Stored data entries:
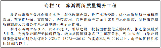 優(yōu)化旅游公共服務(wù)設(shè)施布局,完善配套設(shè)施和功能。適應(yīng)游客出行方式變化,加大面向散客的旅游公共服務(wù)力度。科學(xué)規(guī)劃建設(shè)旅游景區(qū)停車場(chǎng)、內(nèi)部交通、便民設(shè)施、標(biāo)識(shí)標(biāo)牌等,合理配置廁所、垃圾桶,建設(shè)一批示范性旅游廁所,進(jìn)一步鞏固旅游廁所革命成果。推動(dòng)文化和旅游公共服務(wù)共建共享,探索建設(shè)一批文化和旅游綜合服務(wù)設(shè)施。推動(dòng)文化服務(wù)進(jìn)旅游景區(qū),在旅游設(shè)施、旅游服務(wù)中增加文化元素和內(nèi)涵,體現(xiàn)人文關(guān)懷。充分考慮特殊群體需求,健全無(wú)障礙旅游公共服務(wù)標(biāo)準(zhǔn)規(guī)范,加強(qiáng)老年人、殘疾人等便利化旅游設(shè)施建設(shè)和改造,推動(dòng)將無(wú)障礙旅游內(nèi)容納入相關(guān)無(wú)障礙公共服務(wù)政策。
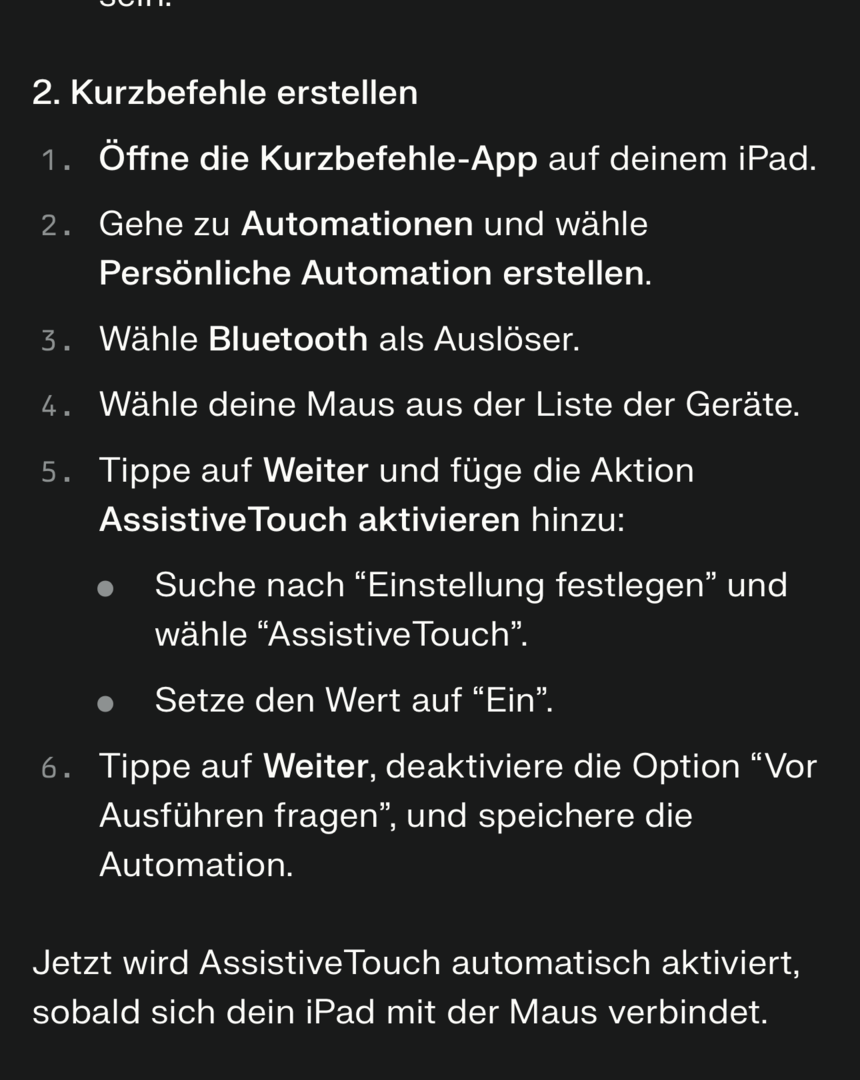Zur Maus. Auch nicht, wenn sie gekoppelt ist und somit erkannt wird? Aber ich gehe voraus, dass du das im Vorfeld eingerichtet hast. Ich habe weder iPad noch Maus, sonst könnte ich selbst daran herum tüfteln. Wenn ich mal Zeit habe und zufälligerweise eine Lösung finden sollte, melde ich mich hier gerne zurück. Sonst weiterhin viel Glück.dtp schrieb:So, leider scheitert die obige Anleitung schon daran, dass mir unter den Bluetooth-Geräten die MX Master 3 gar nicht als Option angeboten wird.
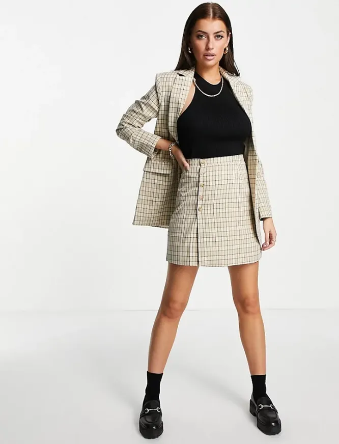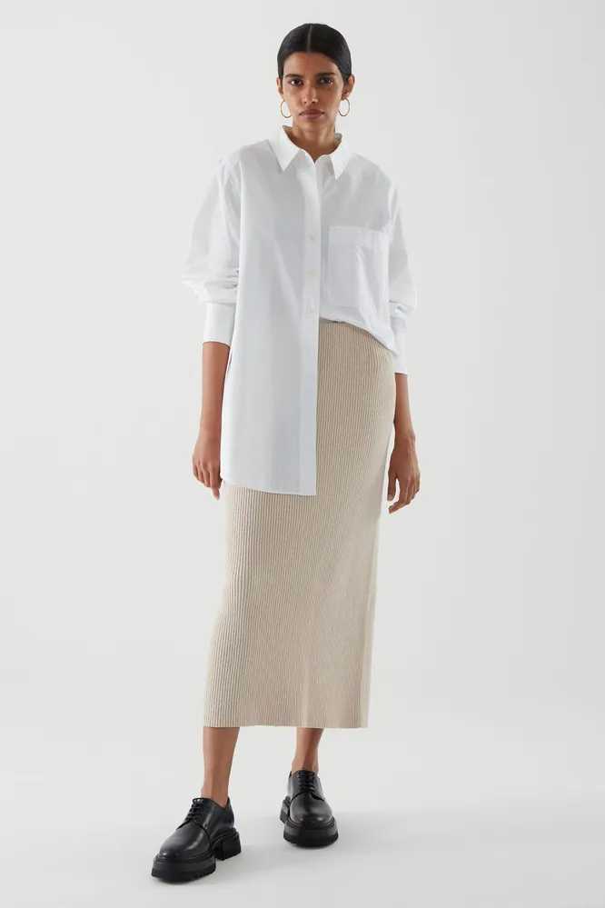 Для расслабленных минималистичных луков выбирай бежевую трикотажную юбку в рубчик. Сочетай ее с оверсайз-рубашками и сандалиями, лодочками и удлиненным блейзером.
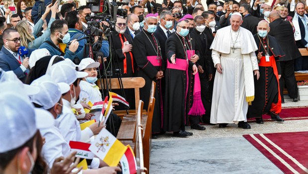 Depuis son arrivée en Irak, le pape François multiplie les temps forts. Que ce soit devant les responsables religieux ou politiques, le pontife prononce des paroles puissantes… et semble écouté.Rencontre avec les autorités, rassemblement avec les chefs spirituels des autres religions, entretien privé avec le leader des chiites, le pape François enchaîne les étapes en Irak et marque les consciences. C’est en premier lieu ce que laissaient présager les foules de chrétiens amassés sur quelques kilomètres de route à Bagdad pour saluer le convoi du pape. Si les fidèles ont pu faire le déplacement pour saluer le pape c’est parce que des cars ont été spécialement affrétés pour l’occasion par le gouvernement. Le gouvernement n’a pas lésiné sur les moyens, comme en témoigne également l’escorte monumentale de la délégation papale confiée à la fameuse “division d’or“. Ce corps d’élite est constitué principalement de vétérans de la guerre contre l’État islamique.
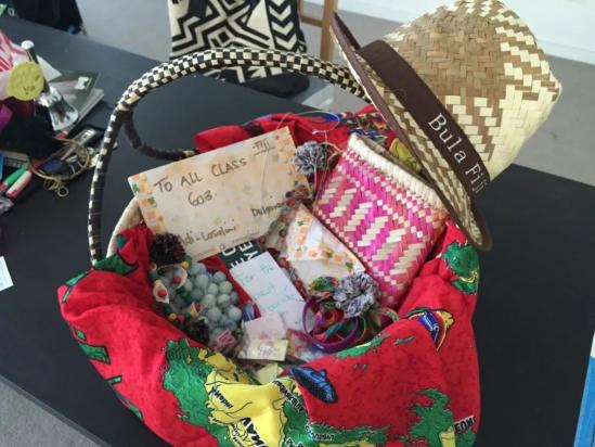 课间,学生们纷纷来找我,送我他们各自准备的礼物。有亲手用橡皮筋编织的笔套,有收藏的零食袋里送的戒指,有自己喜爱许久的贴画...还有一个手工编织的篮子,是班上一个小姑娘的奶奶亲手编的,那天她请假没来,让Paul转送给我的。我在营地学过当地的编织,单是编织一个小小的手环就要一两个小时,编织这么一个篮子需要花费多少的心血啊,这是一份厚重的礼物。遗憾的是,我没能见到那个小姑娘和她的奶奶,亲自表达我的感谢。
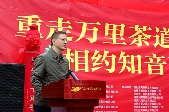 上午9时,活动组车队在武汉市汉阳区主街道进行巡回宣传。10时正式在知音国际茶城举行主题活动,在精彩的暖场表演中拉开了活动序幕,湖北省农业厅领导,武汉市文化局领导,武汉市“万里茶道”申遗办领导,湖北陆羽茶文化研究会领导,湖北五祖寺法师,武汉市茶叶协会,知音国际茶城等领导、专家、学者;以及安化县委县政府领导,安化县茶产业茶文化开发领导小组领导等出席本场活动。湖北陆羽茶文化研究会石爱发会长致欢迎辞,安化县茶产业领导小组副组长、原县委常委、宣传部长林玲发表致辞……,武汉申遗办负责人发表讲话……。
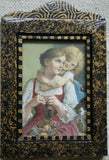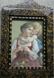 FRAMED PROFESSIONALLY, WITH GLASS, IN A HAND PAINTED FRAME BY A PROFESSIONAL ARTIST WITH DETAILED MOTIFS. READY TO HANG ON THE WALL.
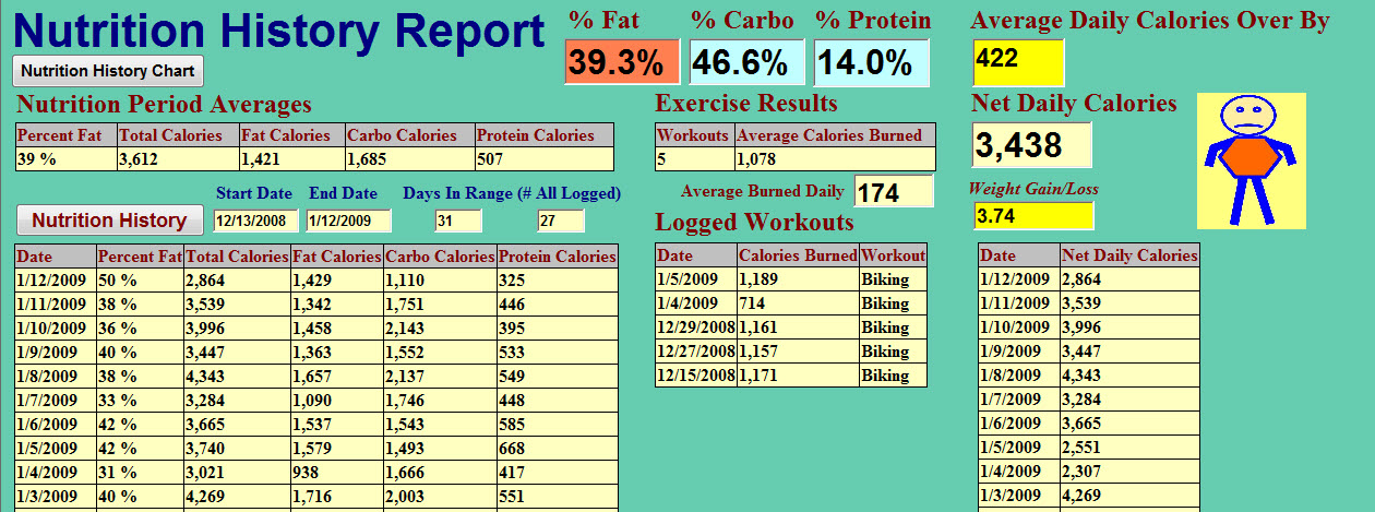 Button On The Nutrition History Report Page To View Your Nutrition History Chart. Chart Includes Total Calories, Exercise Calories,
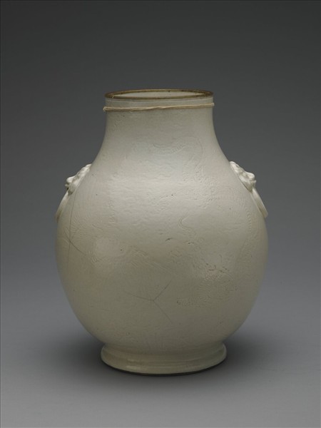 白瓷龍鳳紋獸面銜環壺
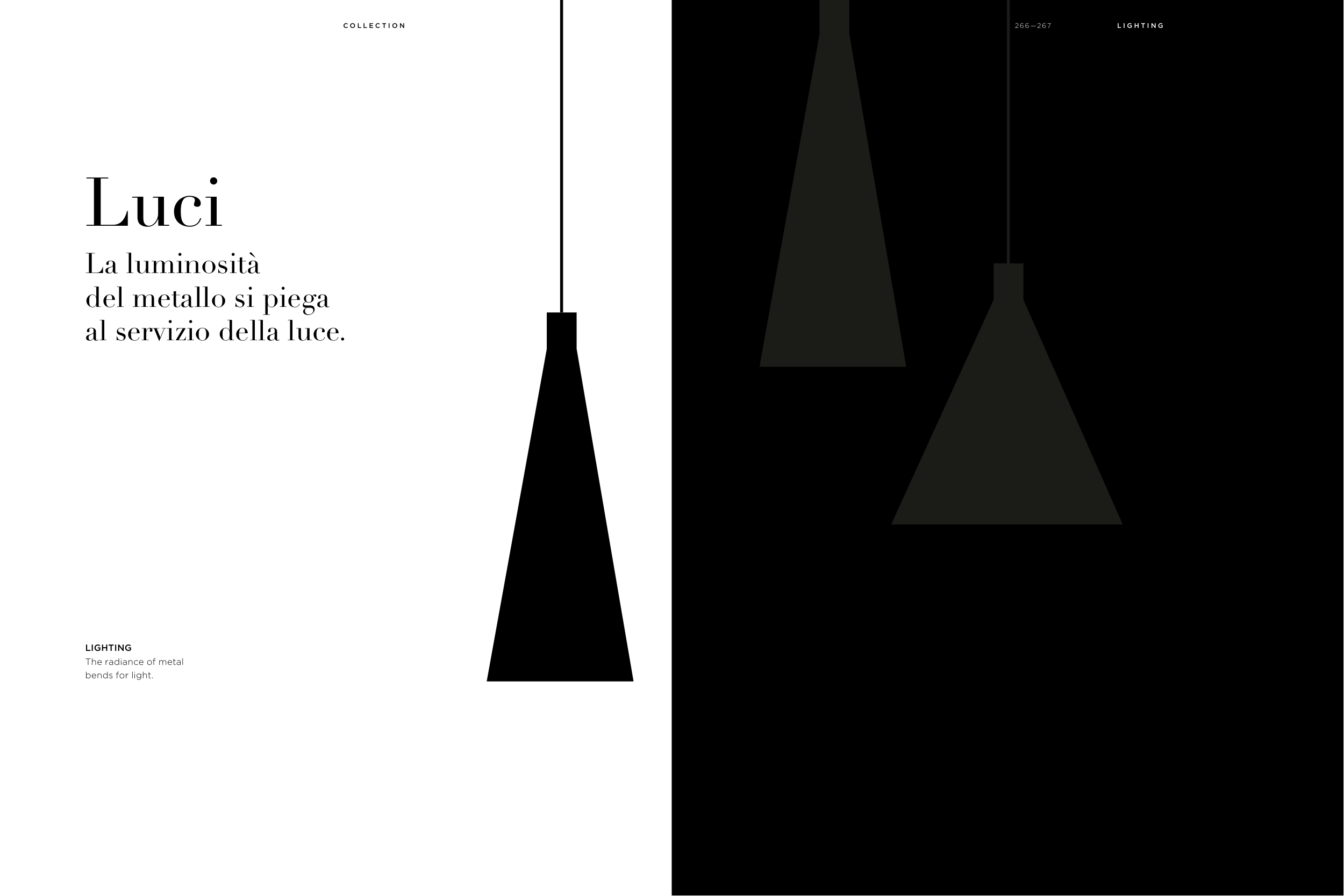 Luci La luminosità del metallo si piega al servizio della luce. LIGHTING The radiance of metal bends for light. 266 —267 C O L L E C T I O N L I G H T I N G
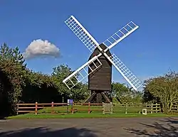 Great Gransden boasts the oldest post mill in England,[21][22] constructed around 1612 – though the claim is disputed by nearby Bourn. It has two storeys, with a flour-dressing machine, inscribed 1774 on the second floor. The mill ceased to operate about 1890. It was presented to the county council in 1950[23] and classified as an ancient monument in 1957. A restoration project was completed in 1984,[24] and a more thorough restoration began in 2015.[25][26] The mill still possesses its machinery. Newly constructed sails are due to be installed by 2022. It can be viewed inside by appointment.[27] A local legend claims a book of black magic entitled An Infidel's Bible was hidden in the mill in 1867, causing it to stop working. When the book was removed, the mill began to work again.[28]
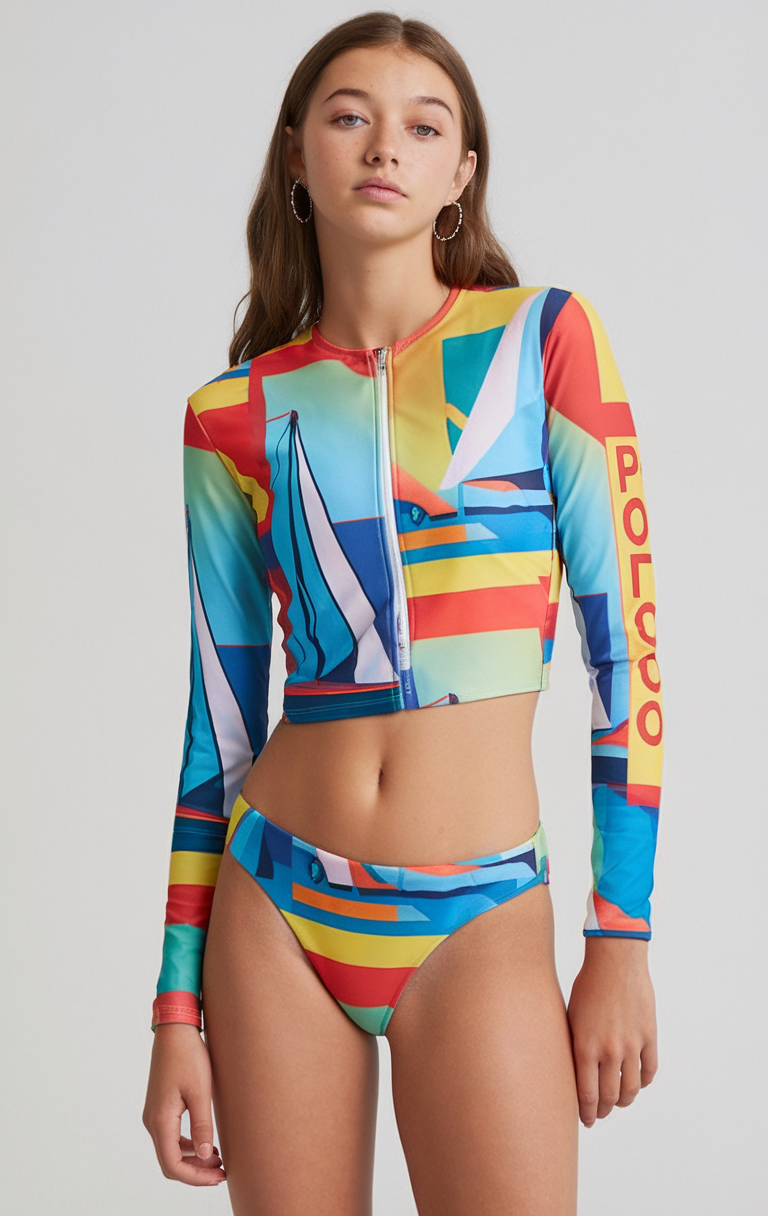 Emphasising every edge of your body, the two-piece swimsuit set captivates attention with sassy color block shaping. The matching bikini bottoms abstract the energetic bold hyper geometric design, allowing movement in sassy style. The fitted wahs seated is also cropped so that flattering bold rashes take the center stage. Perfect mix of protection and style focused swim currently on trend.
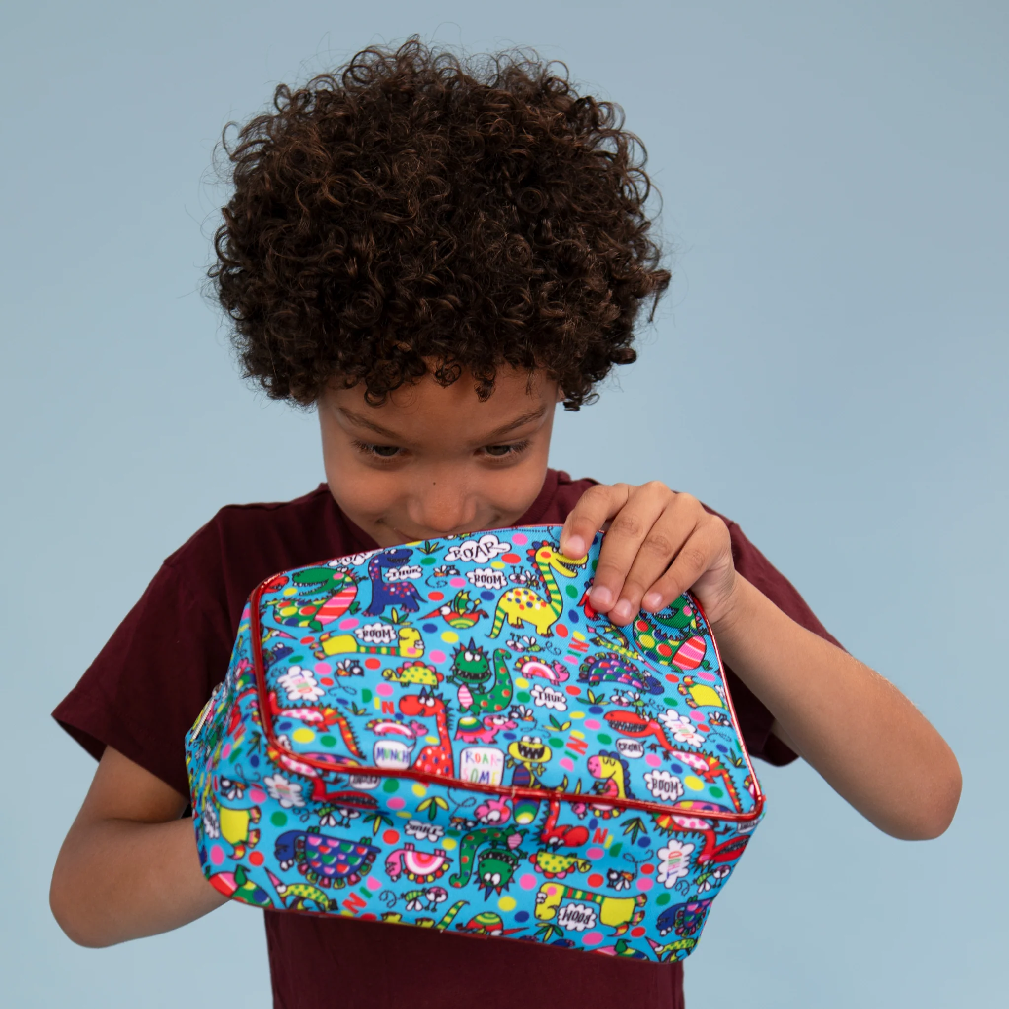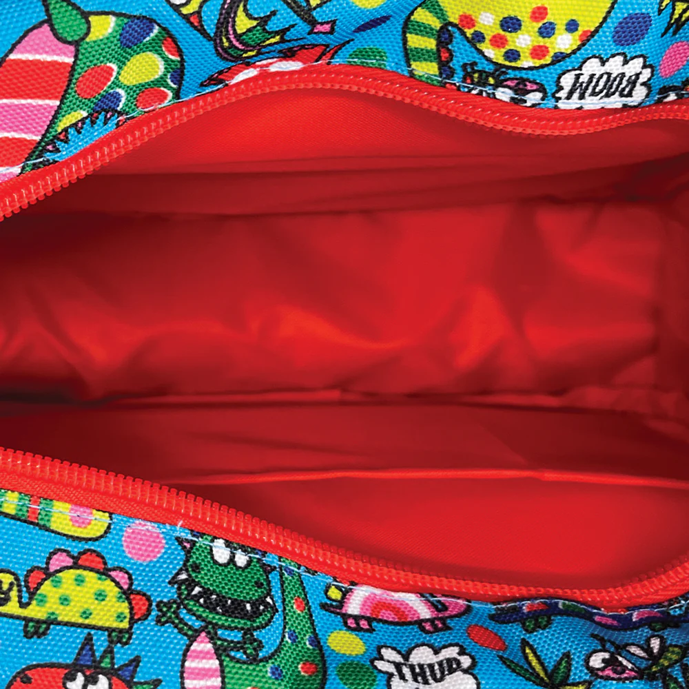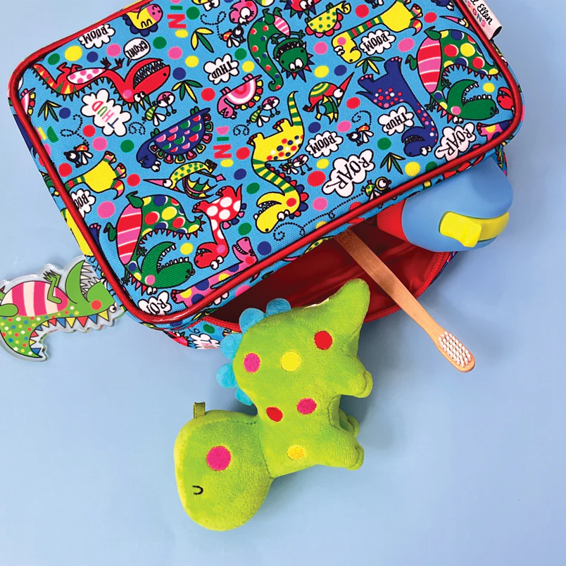 *旅行用や、お子様の荷物をまとめたり、おむつポーチとして使うのに便利 *色んな恐竜が集まったデザイン *メタリックエッジが心をくすぐるポイント

> [THE PROBLEM] Output exactly the lines above, beginning at the one with "Zur Maus. Auch" and stopping after the one with "Для расслабленных минималистичных". Pictures are to be omitted.

> [EXPECTED ANSWER]
Zur Maus. Auch nicht, wenn sie gekoppelt ist und somit erkannt wird? Aber ich gehe voraus, dass du das im Vorfeld eingerichtet hast. Ich habe weder iPad noch Maus, sonst könnte ich selbst daran herum tüfteln. Wenn ich mal Zeit habe und zufälligerweise eine Lösung finden sollte, melde ich mich hier gerne zurück. Sonst weiterhin viel Glück.dtp schrieb:So, leider scheitert die obige Anleitung schon daran, dass mir unter den Bluetooth-Geräten die MX Master 3 gar nicht als Option angeboten wird.
 Для расслабленных минималистичных луков выбирай бежевую трикотажную юбку в рубчик. Сочетай ее с оверсайз-рубашками и сандалиями, лодочками и удлиненным блейзером.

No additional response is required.